This was kind of a strange way to answer the OP's question, although I think you did answer it. I believe he was asking whether "solving NP" means "finding polynomial time solutions to NP problems" (the traditional way to "solve" P?=NP) or "creating machines that through quantum magic can simply plow through NP problems despite not having a polynomial time algorithm for them".

I think the OP assumes that a quantum computer would indeed be able to do this, but I don't know whether that premise is true or not. I have heard this question phrased often times as "Does P=NP still matter in a world of quantum computers?". As I am not an expert on either P=?NP or quantum computing, I have no idea.

So, given that, it seems you are affirming that you are referring to just the P?=NP question and not the "practical" question of whether we can get around this through other means (such as quantum computing).

Edit: revised first sentence since I now think you answered his question.

It certainly wasn't intended to be condescending, I just genuinely don't understand the question.

  > When we discuss solving whether P=NP,
  > are we talking about a theoretical
  > shortcut that allows us to not have
  > to calculate everything?

I can't find any way to answer this question. We are asking whether there is an algorithm that solves a problem in NPC in polynomial time. I don't understand the question about a "theoretical shortcut," nor what it means not to have to "calculate everything." I am assuming there is a sensible question in the OP's mind, but it's not expressed in a way that makes sense to me.

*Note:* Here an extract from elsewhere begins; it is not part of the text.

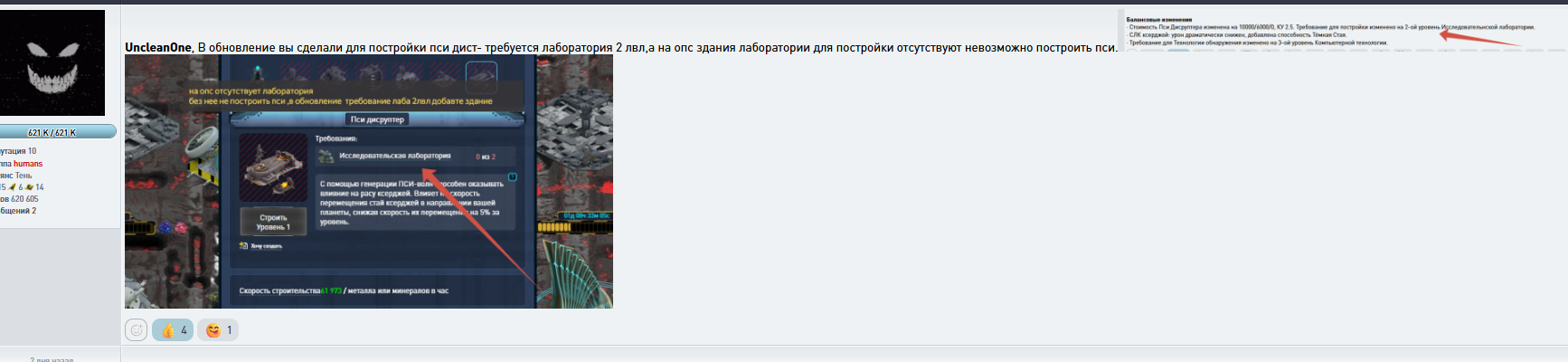 , В обновление вы сделали для постройки пси дист- требуется лаборатория 2 лвл,а на опс здания лаборатории для постройки отсутствуют невозможно построить пси.

That's why I tried to state the question clearly and succinctly, to provide a basis for a follow-up question from the OP.

  > Or is it quantum computing that simply
  > allows us to efficiently just compute
  > everything because no shortcut is
  > likely to be discovered?

We're not talking about quantum computing, we are talking about classical algorithms.

Does that help?

I made a few edits to my original post as upon further reading (before you posted your reply), I did not find it condescending and in fact thought you did kind of answer him.

Also, I feel a little weird replying here since it was indeed the OP's question and not mine, but I'm kind of curious about this too now, so just know that this obviously just represents my own thoughts:

The OP's question was simply phrased in a non-mathematical way (something you will have to get used to if your goal is to teach this to people who are not familiar with this problem ;) ). By "talking about a theoretical shortcut that allows us to not calculate everything", I believe he means "finding an algorithm that allows us to not have to check every possible solution in the solution-space". Kind of how binary search is a "clever theoretical shortcut" to not have to check every index of an array. A lot of problems are exponential time because you end up having to check "basically" every possible permutation. So I think he's getting at "finding a polynomial algorithm" for the problem.

The second part then proceeds to ask whether you are considering the implications of quantum computing to this problem. I guess the answer you provided is "no", but now I would like to push you a little further as you want to write a website regarding this problem, and you seem to know a lot about it, and this is certainly a question I have heard a lot. Perhaps the answer is simply "quantum computing would not affect NP problems in any practical way", or "we just don't know", both of which would be perfectly satisfactory answers.

Thank you - useful feedback. I'll be looking to make changes to take your comments into account. It also gives me an excuse to get in touch with a friend who's working on quantum computing.

It's kind of a shame that it didn't get more upvotes, and hence the chance to be seen by more people. This feedback is exactly the sort of thing I was looking for. Oh well, never mind.